Plagiarism and Use of AI tools

Editorial Board of NJRCS adopts Turnitin Software (with AI features) to ensure that all articles submitted to the journal are free of plagiarism.  A work will be rejected immediately if the plagiarism checker returns an unsatisfactory result. 

 Only manuscripts with a similarity value of 15% or lower will be subject to the peer review process.   If, by any chance, a published work turns out to be plagiarised, the Editorial Board will take adequate measures to ensure that the work is withdrawn.  

Use of Artificial Intelligence (AI) tools

Plagiarism is typically defined as presenting someone else's work or ideas as one's own. While a generative AI tool might not qualify as a "someone," using text generated from an AI tool without citing is still considered plagiarism, according to Georgetown University Policies, because the work is still not the researcher's own.

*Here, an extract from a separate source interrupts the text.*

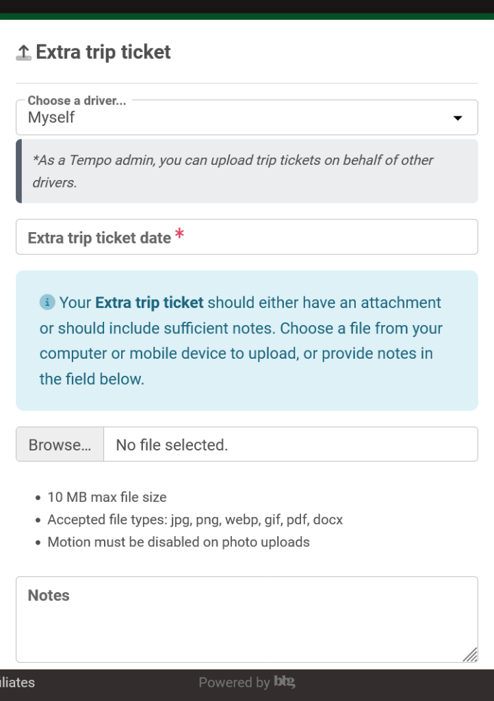 A pop-up window will appear and allow an extra trip ticket to be uploaded for myself or another driver. Fill out the required fields:
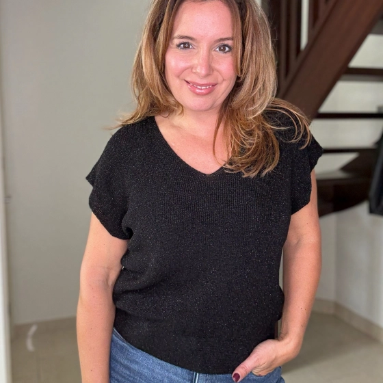 Wil jij een shirt dat direct iets extra’s aan je outfit geeft? Dan is het shiny lurex shirt Nola een perfecte keuze. De glanzende draad geeft dit shirt een feestelijke, maar toch verfijnde uitstraling – ideaal voor een etentje, feestje of stijlvolle daglook.

Therefore, generative AI tools like ChatGPT and others should not be identified as authors because they do not meet authors' requirements. More so, any usage of artificial intelligence (AI) technologies in writing and research must adhere to our plagiarism policy, best practices for citation and acknowledgements, and be clearly disclosed and explained to readers to maintain transparency.

Specifically, if an AI tool is used to:

  • create images in the manuscript
  • to generate text in the manuscript,
  • legitimate references and citations
  • analyse or extract insights from data or other materials

It must be fully stated, described, and explicitly disclosed in the appropriate sections, such as the caption and acknowledgement section.

We strongly discourage authors from presenting words, ideas, data and other materials generated using AI tools as their own without proper acknowledgement.